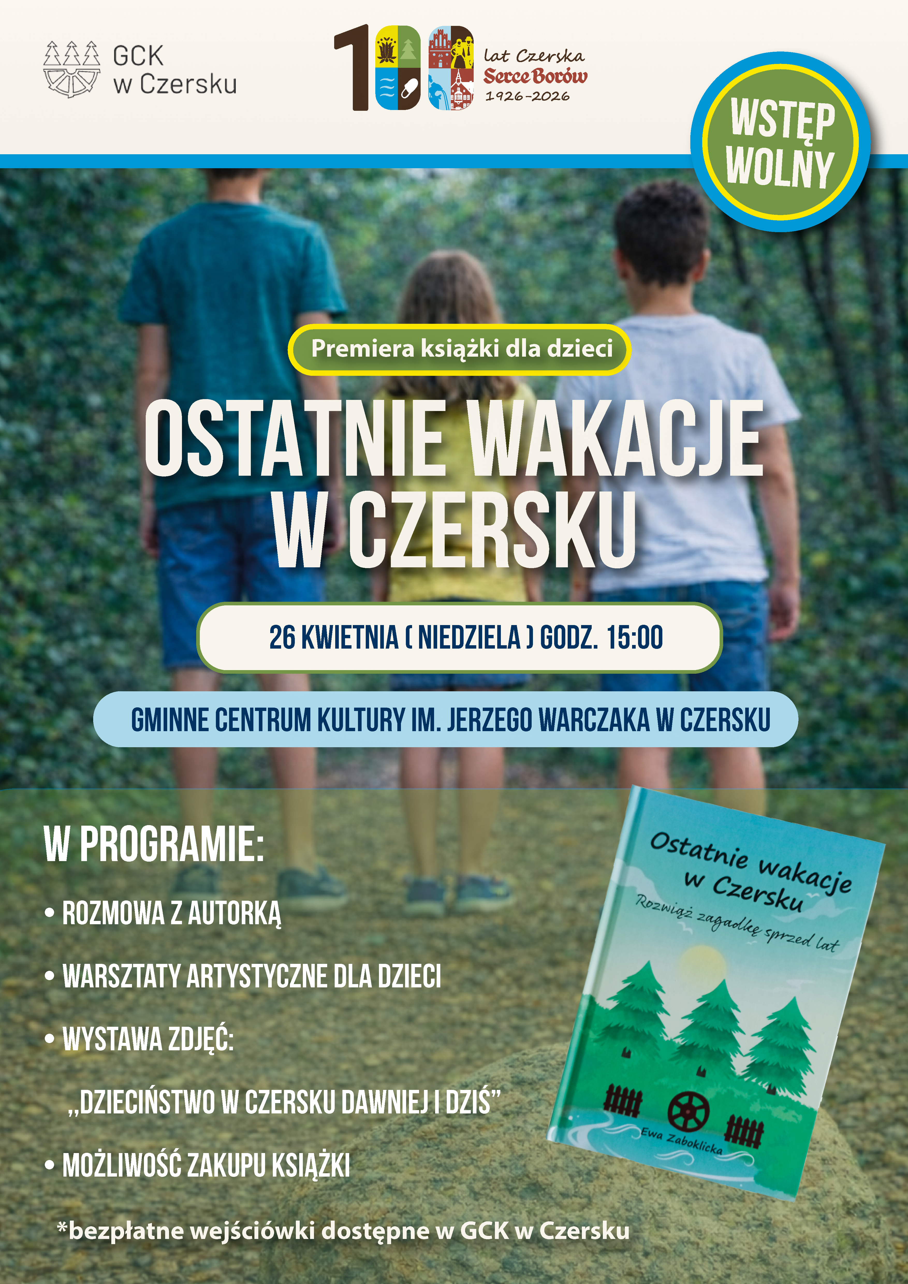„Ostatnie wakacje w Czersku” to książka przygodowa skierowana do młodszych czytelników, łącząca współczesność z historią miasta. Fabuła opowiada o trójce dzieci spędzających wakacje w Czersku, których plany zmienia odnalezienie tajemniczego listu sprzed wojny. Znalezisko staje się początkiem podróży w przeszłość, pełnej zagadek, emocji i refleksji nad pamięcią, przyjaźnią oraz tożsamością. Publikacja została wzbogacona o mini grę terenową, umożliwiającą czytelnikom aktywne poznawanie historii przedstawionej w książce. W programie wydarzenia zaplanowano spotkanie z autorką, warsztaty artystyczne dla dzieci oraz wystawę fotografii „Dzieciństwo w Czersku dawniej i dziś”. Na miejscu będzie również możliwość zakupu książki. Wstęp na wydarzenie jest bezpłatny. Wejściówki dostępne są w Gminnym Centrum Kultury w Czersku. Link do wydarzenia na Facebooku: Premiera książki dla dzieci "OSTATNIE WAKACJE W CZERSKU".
==
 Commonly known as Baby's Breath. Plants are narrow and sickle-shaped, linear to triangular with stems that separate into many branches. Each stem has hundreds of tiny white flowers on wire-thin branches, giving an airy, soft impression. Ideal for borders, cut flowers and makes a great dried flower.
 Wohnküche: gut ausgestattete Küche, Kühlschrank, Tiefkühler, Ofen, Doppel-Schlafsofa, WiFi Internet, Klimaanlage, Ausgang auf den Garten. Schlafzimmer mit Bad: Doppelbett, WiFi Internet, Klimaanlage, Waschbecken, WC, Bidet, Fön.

* [TASK PROMPT]
The listing above holds a line with "Commonly known as" and a line with "Wohnküche: gut ausgestattete". Print the stretch from the first through the second, exactly and alone.

* [RESPONSE BELOW]
 Commonly known as Baby's Breath. Plants are narrow and sickle-shaped, linear to triangular with stems that separate into many branches. Each stem has hundreds of tiny white flowers on wire-thin branches, giving an airy, soft impression. Ideal for borders, cut flowers and makes a great dried flower.
 Wohnküche: gut ausgestattete Küche, Kühlschrank, Tiefkühler, Ofen, Doppel-Schlafsofa, WiFi Internet, Klimaanlage, Ausgang auf den Garten. Schlafzimmer mit Bad: Doppelbett, WiFi Internet, Klimaanlage, Waschbecken, WC, Bidet, Fön.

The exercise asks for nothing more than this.